Les établissements canadiens de Damas et de Téhéran ont été fermés en 2012 en raison, respectivement, de la guerre civile en Syrie et de la décision du Canada de rompre ses liens diplomatiques avec l’Iran.

En Syrie, les mises à pied de ses travailleurs ont commencé en janvier 2012 et l’ambassade a cessé complètement ses activités en mars de la même année.

Une semaine plus tard, l’ambassadeur de l’époque Glenn Davidson avait rédigé une note interne pour préciser comment il avait procédé à la fermeture et émettre des recommandations pour l’avenir.

Pour les personnes originaires de la région, ces emplois ne sont pas simplement une source de revenu, ce sont surtout une source de fierté, a-t-il écrit. «Notre message, essentiellement c’était: occupez-vous de vos employés comme vous aimeriez qu’on s’occupe de vous», a-t-il ajouté.

Chaque travailleur a donc rencontré son gérant individuellement, en plus de recevoir une photo et un certificat d’appréciation. Les employés, qui se sont même vus offrir un soutien psychologique, ont pu encaisser immédiatement leur indemnité de licenciement et ils se sont entendus avec leurs patrons pour les versements de pensions et les avantages sociaux.

«Cela m’a brisé le coeur (que l’ambassade ferme). Mais ce n’était pas surprenant qu’ils nous traitent de cette façon, les Canadiens savent comment traiter les gens», a témoigné Basila, qui ne voulait pas donner son vrai nom pour ne pas nuire à sa famille qui est toujours en Syrie.

Or, ces conseils de l’ambassadeur Davidson ne semblent pas s’être rendus à Téhéran.

La fermeture de l’établissement iranien était entamée en avril 2012, mais les employés locaux et canadiens n’en savaient rien en raison de «circonstances particulières», a-t-on rappelé dans un courriel.

Les employés iraniens savaient que les relations étaient tendues entre leur pays et l’ambassade canadienne, mais les rapports entre leurs patrons étaient toujours cordiaux — jusqu’au printemps 2012, a indiqué Afsaneh, une employée de longue date.

«Quelque chose n’allait pas, mais nous ne pouvions pas dire quoi», a-t-elle expliqué.
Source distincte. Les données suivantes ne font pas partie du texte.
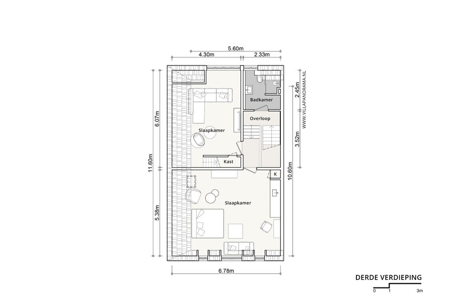 Tussenverdieping en derde verdieping:
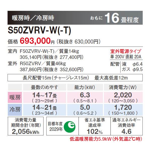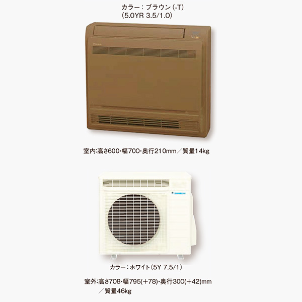 カテゴリ ハウジングエアコン 型番 S50ZVRV-T 定価 693,000円 販売価格 税込 289,000円 詳細 ■メーカー:ダイキン ■モデル名:2022年モデル ■シリーズ名:うるさら VRシリーズ ■タイプ名:床置き形 ■適用畳数:16畳用 ■カラー:ブラウン ■電源:単相200V ■室内機:F50ZVRV-T ■室外機:R50ZVRV ●室内機サイズ:高さ600mm×幅700mm×奥行210mm ●室外機サイズ:高さ708mm×幅795(+78)mm×奥行300(+42)mm ■期間消費電力量(年間):2056kWh ■その他機能等 ・室外電源 ・スイングコンプレッサー ・タフネス冷房・暖房 ・うるる加湿(無給水加湿) ・さらら除湿(ハイブリッド方式) ・おまかせ自動運転 ・ランドリー乾燥 ・空気清浄フィルター(空清フィルター+防カビフィルター) ・水内部クリーン ※記載された情報は商品仕様の一部ですので、詳細はメーカーサイトにてご確認ください。 ※標準取付工事のほか、家電量販店では対応困難な『隠ぺい配管工事』も承ります。

Elle a su que le Canada avait coupé toute relation avec l’Iran par une amie qui avait entendu la nouvelle au diffuseur public britannique BBC.

L’ambassade avait vraisemblablement élaboré une stratégie pour les licenciements, dont des appels téléphoniques, mais les détails ont été censurés dans les documents.

Les portes de l’établissement ont été fermées à clé et les anciens employés n’ont pas pu récupérer leurs effets personnels avant plus de deux mois. Certains d’entre eux y avaient laissé leurs passeports, leurs diplômes et de l’argent. Ils ont dû attendre autant de temps pour recevoir les paiements d’indemnité de licenciement et les avantages sociaux.

Un groupe d’employés en colère avait d’ailleurs écrit au premier ministre Stephen Harper en octobre de la même année pour lui demander d’intervenir.

«Personne ne s’attendait à cette approche d’un gouvernement qui respecte et milite pour les droits de l’Homme et les valeurs canadiennes à l’égard de ses propres employés», avaient-ils écrit.

Afsaneh n’a pas pu quitter le pays avec son mari comme ils le souhaitaient. Pourtant, Basila a pu se réfugier au Canada, mais elle martèle que son statut d’employée n’a pas joué sur le tout le processus de sélection. «Le gouvernement fait de son mieux dans de mauvaises circonstances», a-t-elle conclu.